2.4. Internet : une pratique permettant de rester attaché au monde actuel

2.4.1. Les NTIC : une culture en décalage

Certains enquêtés n’ont pas connaissance de la manière dont l’outil Internet s’utilise. Cette inaptitude s’explique par l’absence de socialisation à cet outil :
« Internet, je trouve ça long, je crois que ça va bien m’énerver. Je pense que j’essayerai, j’apprendrais parce que vu que le temps que mon mari passe dessus ça a l’air d’être bien. C’est vrai qu’il y a des choses comme sur la cuisine qui m’intéresserait à voir, mais j’ai un peu peur de ne pas savoir m’en servir. Mais je me demande si ça ne va pas m’énerver.
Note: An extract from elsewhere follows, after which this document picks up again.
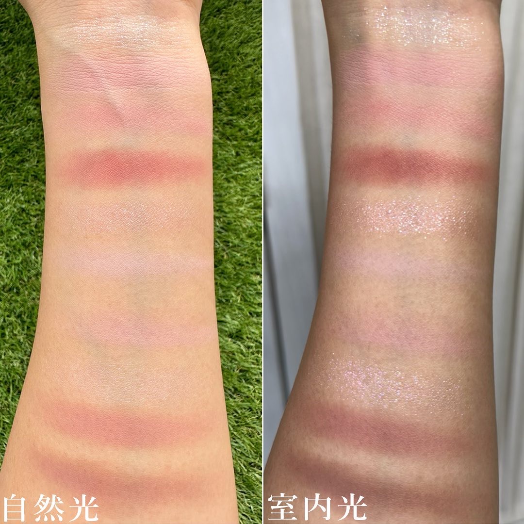 右下のシャーベットのような涼しいブルーがめちゃめちゃ夏っぽくて可愛くないですか?🧡 このバームは陶器肌のような透け感のある透明感を出してくれるんです! アイシャドウは全体的にパール感と超微細なラメの煌めきが強め✨ 今回のアイシャドウはプラザ、ミニプラ限定のアイシャドウで、しかも数量限定になっているので、気になる方は早めにチェックして見て下さい🏃🧡✨

Moi j’aime bien avoir la réponse tout de suite. » (Carole, F, 52 ans, mère au foyer)

En dépit d’une absence de connaissances suffisantes pour pouvoir utiliser Internet, certains enquêtés utilisent indirectement Internet pour avoir des informations. La famille ou encore les groupes de pairs constitue des intermédiaires de l’individu désireux d’obtenir des informations sur Internet. Les quelques inaptitudes à l’utilisation de cet outil amènent un sentiment de crainte, la peur de faire de mauvaises manipulations, de ne pas arriver à s’en servir.

L’inconnu fait peur. Mais en dépit d’inaptitudes, Internet reste un outil utile pour les enquêtés :
« Quand j’ai besoin de quelque chose sur Internet, une recette ou n’importe quoi je demande à quelqu’un de chercher pour moi. Je ne connais pas trop, j’ai toujours peur de me tromper, de toucher les mauvais boutons. […]Là je sais y aller, je regarde mes email, mais c’est tout. Je ne tente pas trop, je fais le strict minimum. » (Françoise, F, 55 ans, manutentionnaire en intérim)

Si le manque de connaissances ne permet pas à certains enquêtés d’utiliser Internet, ils envisagent néanmoins de se socialiser à cet outil, notamment au moment de la retraite où le temps libre laissera plus de possibilités. Cette perspective d’avenir se construit en parallèle à un désir d’être comme tout le monde. Dans une société où les NTIC sont aujourd’hui parfaitement intégrées dans la vie quotidienne des individus, utiliser Internet devient peu à peu une norme sociale. Certains non utilisateurs se sentent alors en décalage face à cette culture Internet :
« Peut-être qu’un jour, quand je serais en retraite je prendrais peut-être des cours pour connaître un peu plus. Pour savoir un peu plus. Pour savoir l’utiliser comme tout le monde. Enfin pas comme les jeunes, c’est impossible. Ma petite fille elle a 5 ans, et elle s’y connaît déjà ! Mais c’est pour pas avoir l’air ridicule devant la petite. » (Françoise, F, 55 ans, manutentionnaire en intérim)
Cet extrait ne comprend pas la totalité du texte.